Check if the input data has changed:

- **Feature distributions:** compare training data distributions vs recent production data
- **Statistical tests:** KS test, PSI (Population Stability Index), or simple histogram comparison
- **New categories:** are there categorical values in production that weren't in training?
- **Missing data patterns:** has the rate of nulls/missing values changed?
- **Volume changes:** is the prediction volume significantly different?

Flag any feature where the distribution has shifted significantly.

### Step 4: Prediction Distribution Changes

Check if the model's outputs have changed:

- **Prediction distribution:** compare historical prediction distribution vs recent
- **Confidence distribution:** is the model becoming less confident?

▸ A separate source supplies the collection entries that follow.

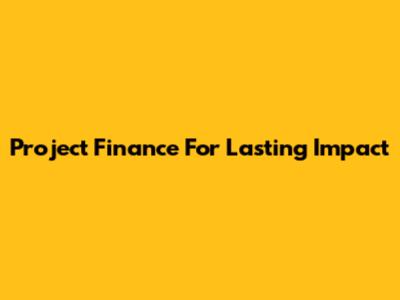 Project Finance For Lasting Impact
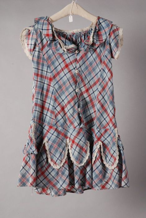 Kinderjurk van rood-wit-blauw geruit katoen, volant ...
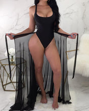 Solid One-Piece /w Tied Cover Up Swimsuit
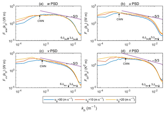 For u and v, as Ug = 0 ms−1, in the inertial subrange, the slopes of u and v PSD are more consistent with the law, while as Ug = 10 ms−1 and Ug = 20 ms−1, the slopes of u and v PSD deviate from the law (Figure 10b–c). This may be because the turbulent eddies in the inertial subrange lose their isotropy due to the presence of walls. The PSDs of u and v increase with increasing wind shear in the entire wavenumber range, resulting in the variance of u and v increasing significantly with increasing wind shear. However, the PSD curves of u and v still collapse into each other at the CWN point.
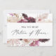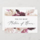 This boho pampas grass matron of honour proposal card is perfect for a summer wedding. The floral watercolor design features bohemian burgundy and blush pink flowers with sprigs of neutral pampas grass and golden dried palm leaves. Customise the card with the name of the bride and the matron of honour. Personalise the back of the card with a personalised message.
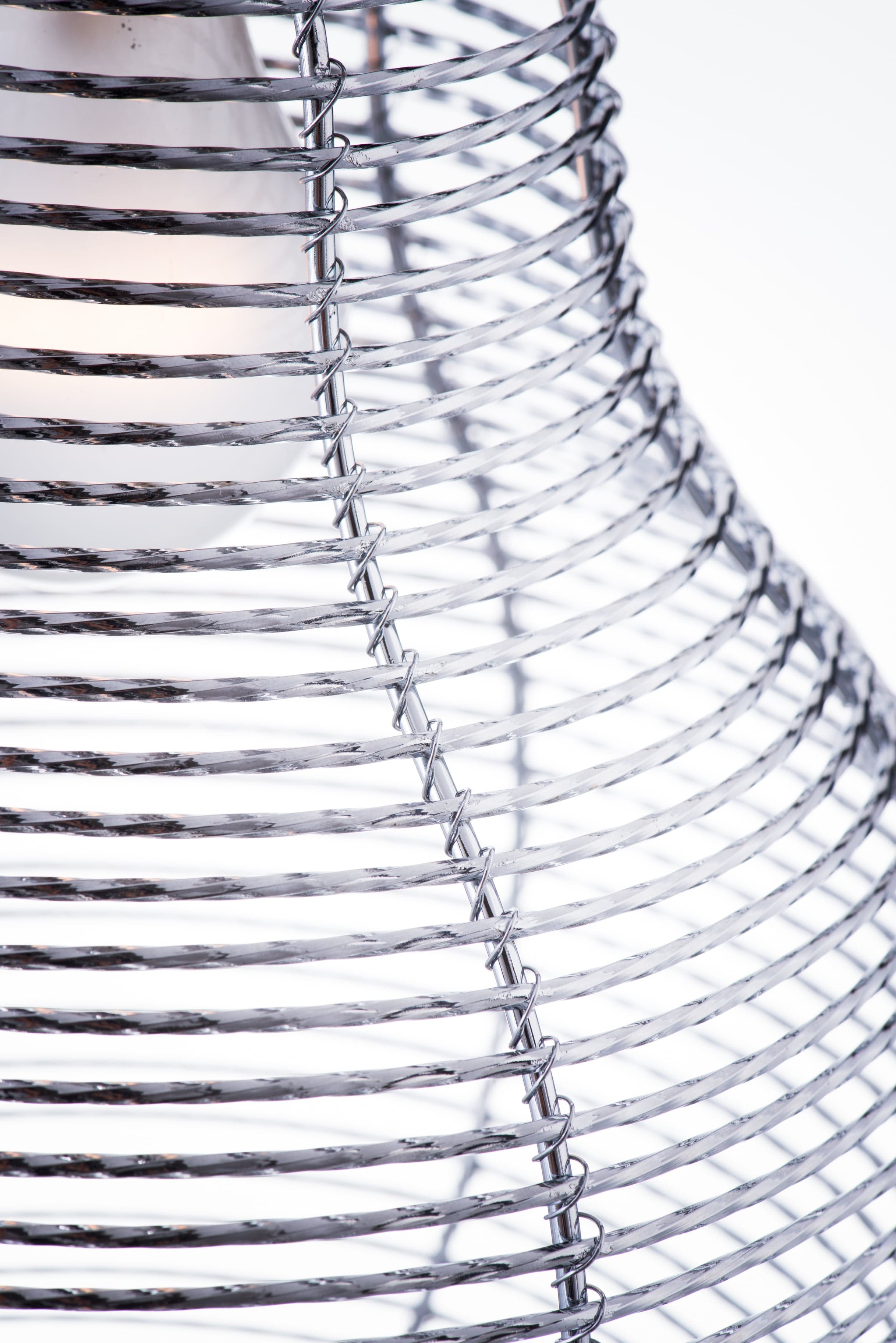 商品規格 尺寸 直徑205mm x 高度325mm 燈罩材質 鍍鉻框,純手工纏繞線圈 燈泡規格 E27燈頭,沒有附贈燈泡 出貨包裝 5層棕盒 備註 安裝過後恕不退貨 配件:鍍鉻色吸頂圓蓋(直徑105mmx厚度20mm)x1,53mm鍍鉻色燈杯x1,1m透明電線x1,100mm一字板x1, 吸頂蓋螺絲組x2
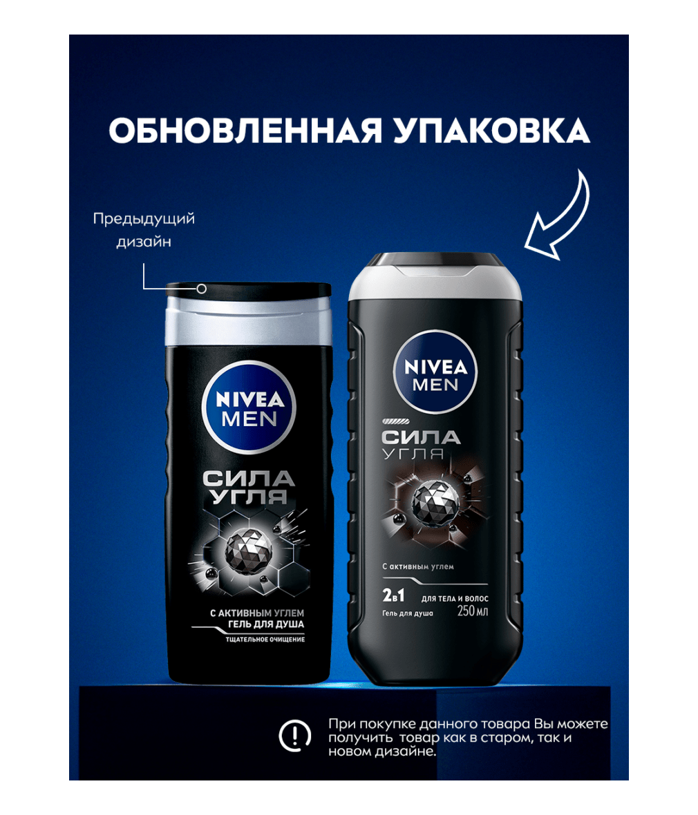 Встречайте гель для душа «Сила Угля» 2в1 для тела и волос от NIVEA MEN в обновленном дизайне!

More confident on wrong answers?
- **Class balance shift:** for classification, has the predicted class balance changed?
- **Output range shift:** for regression, has the output range moved?

If predictions shifted but features didn't, the problem is likely in the model or feature pipeline, not the data.

### Step 5: Error Analysis

Dig into what the model is getting wrong:

- **Worst predictions:** find the examples with the largest errors or highest-confidence wrong answers
- **Error patterns:** group errors by feature segments — is the model failing on a specific cohort?
- **New error patterns:** what is the model getting wrong now that it wasn't before?
- **Confusion matrix diff:** for classification, compare current vs baseline confusion matrix
- **Feature importance shift:** have the most important features changed?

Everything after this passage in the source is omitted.